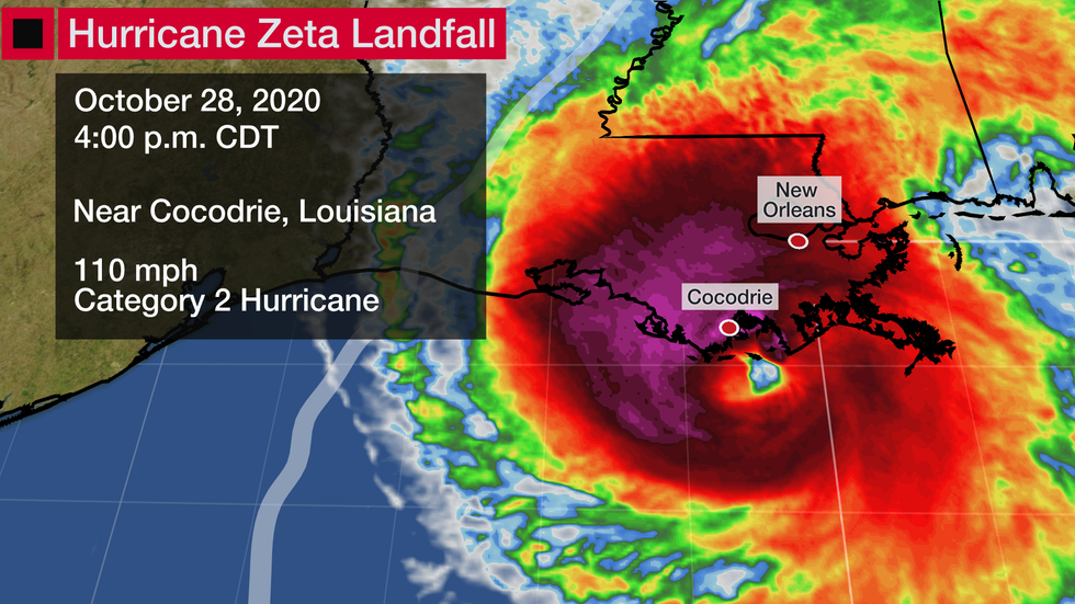 Zeta's landfall was near Cocodrie, Louisiana, at 4 p.m. CDT and maximum sustained winds were 110 mph.
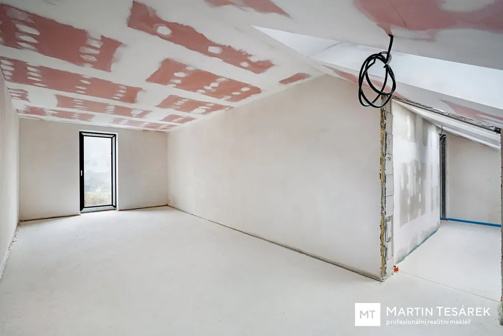 Tato nízkoenergetická novostavba z roku 2025 nabízí velkorysou dispozici 7+KK a je ve fázi těsně před dokončením. Uvnitř najdete hotové omítky, sádrokartonové stropy, kompletní přípravy elektroinstalace, rozvodů, chytré domácnosti i pečlivě provedené zateplení. Velkoformátová hliníková okna přivádějí do domu spoustu světla a fasáda už čeká jen na to, až kolem ní rozkvete zahrada.
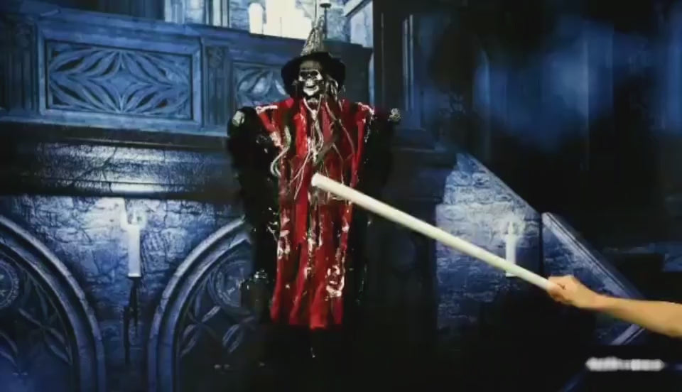Sound-activated ghost that suddenly moves to scare people into screaming.
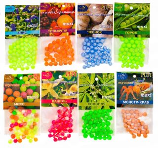 Вкусовая приманка "Pufi" искусственная, по сути - цветной пенопласт с ароматом. Шарики приятные по текстуре, в меру плотные и при этом легко насаживаются на крючок.
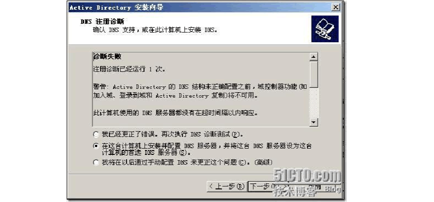 1.2、 安裝活動(dòng)目錄的過程中,同樣也可以安裝DNS 服務(wù)器,活動(dòng)目錄的安裝過程就不做過多演示了,安裝過程中出現(xiàn)下面的界面,其中中間的哪項(xiàng)就是安裝活動(dòng)目錄的過程中也安裝了DNS 服務(wù)器,這樣安裝的DNS 服務(wù)器有域的SRV 記錄,當(dāng)客戶機(jī)加入域的時(shí)候就需要這些SRV 記錄進(jìn)行定位。
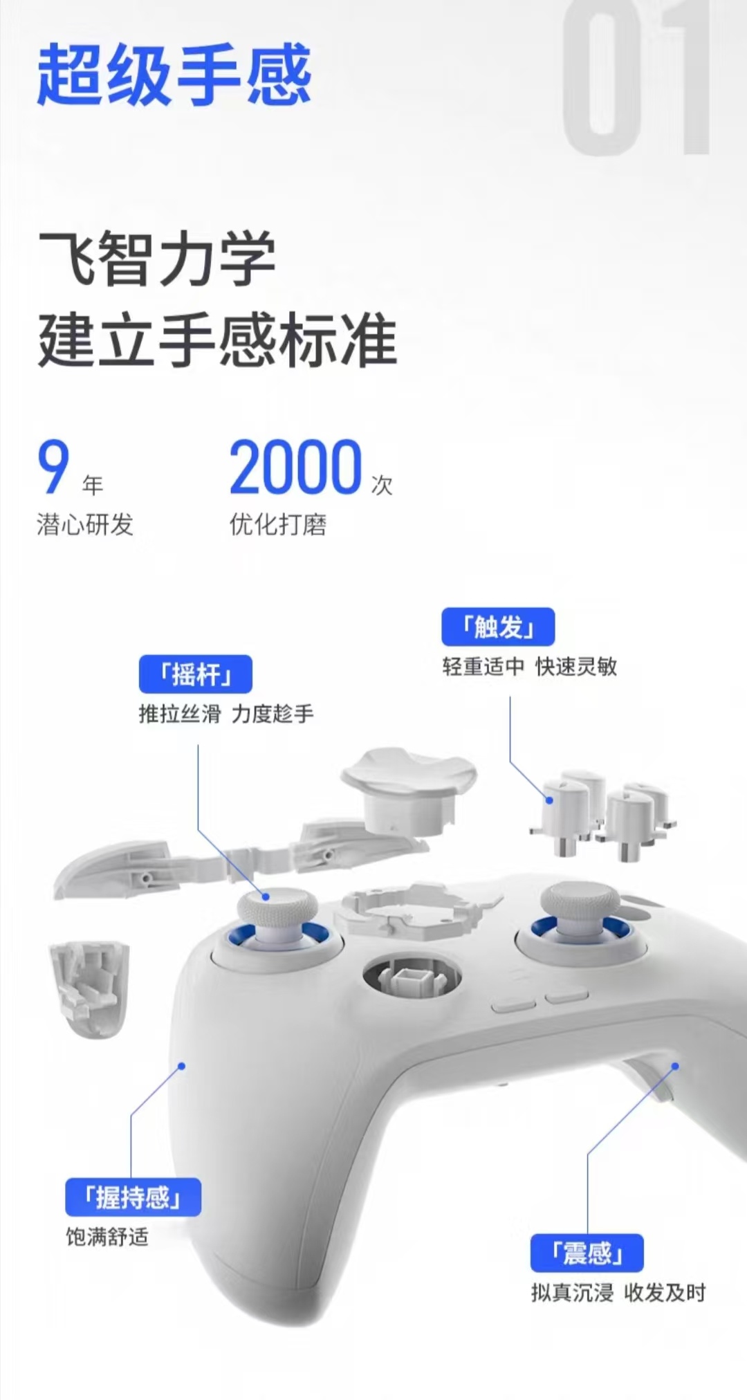 你别看现在冰原狼3的性能称不上优秀,在刚发售那会热度相当的高,主要原因还是它的摇杆采用的是自研的杠杆摇杆,其性能要明显优于市面上清一色的霍尔摇杆,并且手感也非常独特,有一说一,飞智在手柄界的创新性确实没得说。
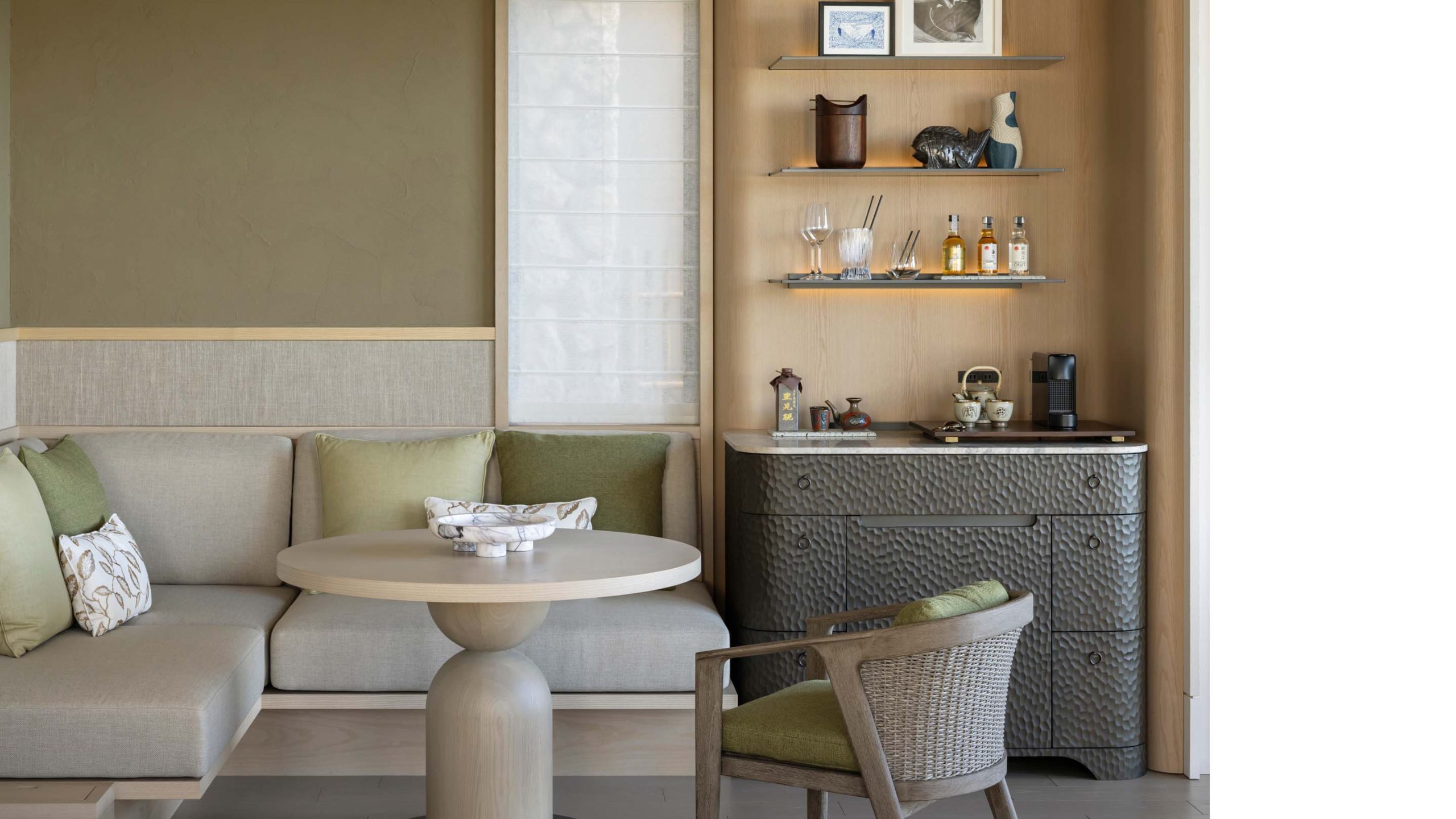 Villaのソファエリアには、日本の伝統的な木材加工技術である”名栗加工”が施された印象的なミニバーを設置した。木材の表面に独特な凹凸を施し、空間に温かみと深みを与えることで落ち着いて過ごせるエリアにまとまっている。

Work item ->
All of the listing above must be output exactly, except for its pictures.

Answer to this task ->
 Zeta's landfall was near Cocodrie, Louisiana, at 4 p.m. CDT and maximum sustained winds were 110 mph.
 Tato nízkoenergetická novostavba z roku 2025 nabízí velkorysou dispozici 7+KK a je ve fázi těsně před dokončením. Uvnitř najdete hotové omítky, sádrokartonové stropy, kompletní přípravy elektroinstalace, rozvodů, chytré domácnosti i pečlivě provedené zateplení. Velkoformátová hliníková okna přivádějí do domu spoustu světla a fasáda už čeká jen na to, až kolem ní rozkvete zahrada.
Sound-activated ghost that suddenly moves to scare people into screaming.
 Вкусовая приманка "Pufi" искусственная, по сути - цветной пенопласт с ароматом. Шарики приятные по текстуре, в меру плотные и при этом легко насаживаются на крючок.
 1.2、 安裝活動(dòng)目錄的過程中,同樣也可以安裝DNS 服務(wù)器,活動(dòng)目錄的安裝過程就不做過多演示了,安裝過程中出現(xiàn)下面的界面,其中中間的哪項(xiàng)就是安裝活動(dòng)目錄的過程中也安裝了DNS 服務(wù)器,這樣安裝的DNS 服務(wù)器有域的SRV 記錄,當(dāng)客戶機(jī)加入域的時(shí)候就需要這些SRV 記錄進(jìn)行定位。
 你别看现在冰原狼3的性能称不上优秀,在刚发售那会热度相当的高,主要原因还是它的摇杆采用的是自研的杠杆摇杆,其性能要明显优于市面上清一色的霍尔摇杆,并且手感也非常独特,有一说一,飞智在手柄界的创新性确实没得说。
 Villaのソファエリアには、日本の伝統的な木材加工技術である”名栗加工”が施された印象的なミニバーを設置した。木材の表面に独特な凹凸を施し、空間に温かみと深みを与えることで落ち着いて過ごせるエリアにまとまっている。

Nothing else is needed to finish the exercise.